There is a stage when I mix the clay that it gets rubbery ... but I've noticed that I can blend my way through this stage using a drill with a paint mixer attachment ... which is what I use to make my clay batches. 

Are you mixing by hand?


----------



## JustJimAZ (Aug 19, 2010)

bmaskmaker said:


> I use the torn newspaper cellulose insulation for mine -- it has borax in it.
> 
> When you mix Borax and White Glue it makes GAK (rubbery - not liquid, not solid, and not sticky) ... So the trick is to balance out how much borax you add with the dry pulp, with the glue and joint compound. I use a variation on Stolloween's paste recipe. I use his recommended proportions, but use methyl cellulose instead of flour. The paste consistency should be like pancake batter before mixing in the pulp.
> 
> ...


I am mixing by hand in small batches. I have mixed borax and glue before, while making "silly putty". I don't understand how that is a good sculpting material. Weird. I'm not sure I will be going the methyl cellulose route. I'm pretty cheap, and it sounds like you may be a pro. Google tells me that stuff is much more expensive than flour.
I'm going to re-read Stolloween's page. Thanks!


----------



## Sawtooth Jack (Apr 9, 2011)

This is a good link for a paper mache clay a few folks around here have tried.

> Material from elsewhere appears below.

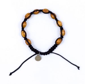 Różaniec bransoletka z drewna w kolorze drzewa oliwnego z medalikiem św. Benedykta.

http://ultimatepapermache.com/paper-mache-clay

*EDIT:* I see the blog is not set up to link directly to the page, but you'll find the link in the main navigation at the top.


----------



## TheOneAndOnlyKelly (May 7, 2009)

I generally follow Stolloween's mix, with 6c of flour, 1c of glue and 1c of liquid starch. I then start adding the paper pulp until I get close to the consistency I want, then mix in the drywall mud. I have nothing precise about the measures of those last two.


----------



## JustJimAZ (Aug 19, 2010)

I don't understand how starch and glue combine to make anything useful. I have made slime from it, but it's certainly not sticky. Stolloween certainly knows what he's doing though, and it sounds like you do to, Rob!


----------



## GrimleeFeindish (Jan 23, 2009)

Hey Jim, I have had success with paper mache pulp clay. I do it by feel, its just the way I am. I combine the pulp and glue and a little water, mix it up really good. It will be sticky and like pancake batter. Thats the consistency, then I add flour until it loses the stickiness and becomes more like clay. It is pretty moldable at that point.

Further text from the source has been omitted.